Edith Quiah, 49, spent over a decade working for UNMIL as an administrative assistant. She used her severance pay to set up a clothes shop but found her customers lacked purchasing power and too often requested items on credit. The business soon folded.
“People aren’t buying clothes at the moment,” she said. “I should have sold basic items like rice, oil, and sugar, but I don’t have the money to stock my shop now.”
Instead, Edith lives off the salary her husband earns as a pastor, and supports him in church activities. Their two sons have been taken out of private school as they can no longer afford the fees.
“Starting a small business in this economy is an enormous challenge,” agreed 46-year-old Momolu Johnson, a father-of-seven who spent 14 years with UNMIL and has failed to find subsequent employment. Multiple business ventures – from transport to mineral trading – have flopped.
Johnson financially supported 16 people while working for UNMIL’s IT section. He describes the frustration among former colleagues who have found themselves transformed from qualified working professionals to dependents: “Jobs are not available, and it’s heartbreaking for staff to see themselves as valueless in society.”
Deeper problems exposed
The difficulties in finding new employment encountered by UNMIL’s Liberian former staff – many of whom are above average in terms of professional skills and educational background – are symptomatic of Liberia’s broader economic distress.
But experts say this can’t all be blamed on the mission’s departure and the removal of the “peacekeeping economy”.
Wreh, the ministry analyst, also attributed dwindling foreign investment to the 2014-2015 Ebola outbreak and a fall in global rubber and iron ore prices – Liberia’s primary exports.

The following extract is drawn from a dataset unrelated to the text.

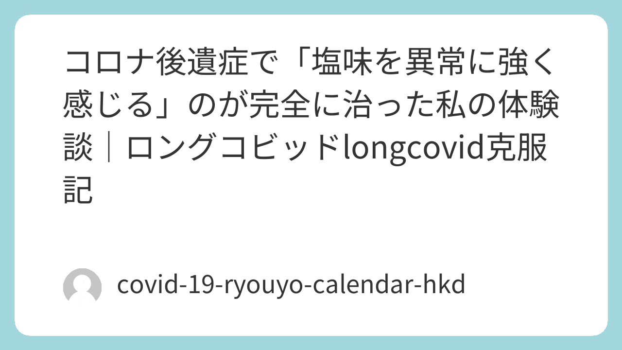同じロングコビッドで塩味を異常に強く感じる方に、私の全体験を詳しくお伝えします。

And Samuel Thompson, who authored a 2018 study on the economic impact of UNMIL’s withdrawal, suggested the biggest hit from the drawdown should have been felt more than a decade ago.
“The proportional importance of peacekeeping expenditure [to Liberia’s economy] began to decline once peace had been established and FDI [foreign direct investment] kicked in,” he said.

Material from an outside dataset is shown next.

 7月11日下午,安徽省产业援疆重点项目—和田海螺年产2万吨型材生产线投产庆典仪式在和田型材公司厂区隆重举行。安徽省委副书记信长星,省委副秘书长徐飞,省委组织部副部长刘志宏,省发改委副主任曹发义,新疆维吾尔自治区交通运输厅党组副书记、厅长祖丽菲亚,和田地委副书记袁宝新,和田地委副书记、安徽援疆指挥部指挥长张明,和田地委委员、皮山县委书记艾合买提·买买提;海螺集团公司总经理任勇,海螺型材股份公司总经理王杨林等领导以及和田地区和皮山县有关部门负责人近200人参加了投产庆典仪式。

Indeed, the number of personnel started to decrease from as early as 2005. This had a corresponding effect on the mission’s contribution to GDP, which ranged from 11.2 percent in the peak year of 2004/5 to 1.3 percent in 2017/18.
“UNMIL’s biggest impact was the creation of stable conditions for a peaceful economy,” Thompson added.
But, unfortunately for laid off former UNMIL employees like Johnson, the expected uptick in FDI and associated private sector activity failed to really materialise – a problem exacerbated by aid inflows linked to the Ebola epidemic tailing off.
“To assess the work of UNMIL, you have to look at the reality post-UNMIL,” said Johnson, who is considering leaving Liberia altogether in search of work elsewhere. “The presence of UNMIL had people fooled. We’re on life support right now, and I can’t keep my potential in a graveyard.”